* [Recorded information]
========================
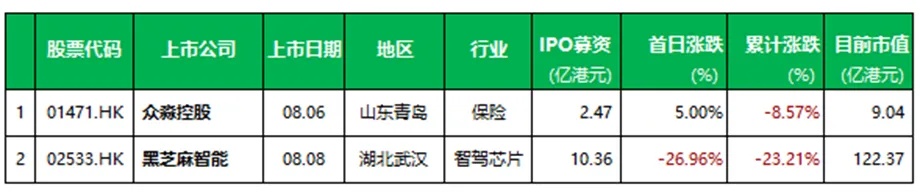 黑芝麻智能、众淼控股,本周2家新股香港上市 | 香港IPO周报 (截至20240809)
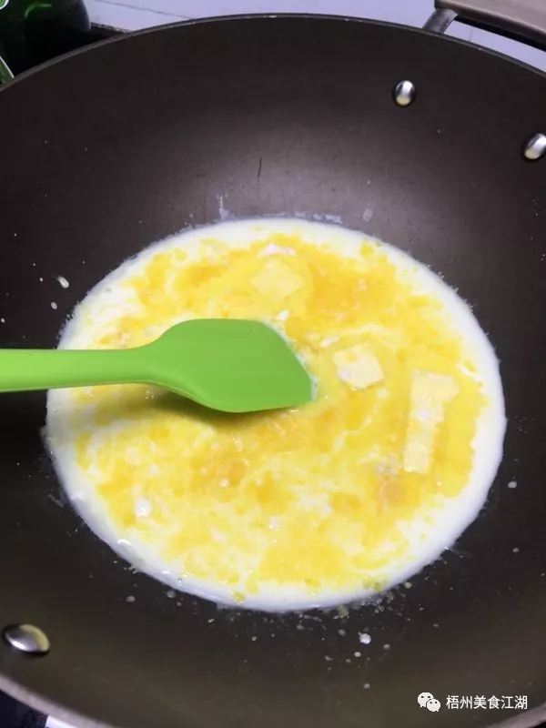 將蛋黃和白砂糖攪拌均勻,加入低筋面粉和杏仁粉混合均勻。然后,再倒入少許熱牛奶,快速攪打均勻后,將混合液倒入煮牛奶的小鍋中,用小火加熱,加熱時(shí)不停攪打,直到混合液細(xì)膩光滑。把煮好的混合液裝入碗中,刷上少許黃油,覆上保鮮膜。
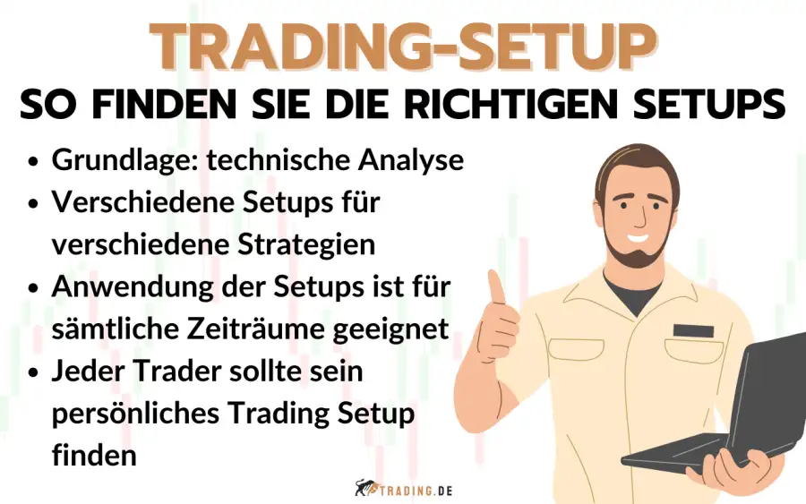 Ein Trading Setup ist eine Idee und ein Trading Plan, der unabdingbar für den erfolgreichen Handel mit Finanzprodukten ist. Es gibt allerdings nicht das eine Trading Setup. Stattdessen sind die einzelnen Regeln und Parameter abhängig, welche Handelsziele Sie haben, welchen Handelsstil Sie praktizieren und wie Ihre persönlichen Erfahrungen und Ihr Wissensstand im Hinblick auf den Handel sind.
========================
Please return only the lines running from the line with "將蛋黃和白砂糖攪拌均勻,加入" to the final line of the data, both included, exactly and without any pictures.

 將蛋黃和白砂糖攪拌均勻,加入低筋面粉和杏仁粉混合均勻。然后,再倒入少許熱牛奶,快速攪打均勻后,將混合液倒入煮牛奶的小鍋中,用小火加熱,加熱時(shí)不停攪打,直到混合液細(xì)膩光滑。把煮好的混合液裝入碗中,刷上少許黃油,覆上保鮮膜。
 Ein Trading Setup ist eine Idee und ein Trading Plan, der unabdingbar für den erfolgreichen Handel mit Finanzprodukten ist. Es gibt allerdings nicht das eine Trading Setup. Stattdessen sind die einzelnen Regeln und Parameter abhängig, welche Handelsziele Sie haben, welchen Handelsstil Sie praktizieren und wie Ihre persönlichen Erfahrungen und Ihr Wissensstand im Hinblick auf den Handel sind.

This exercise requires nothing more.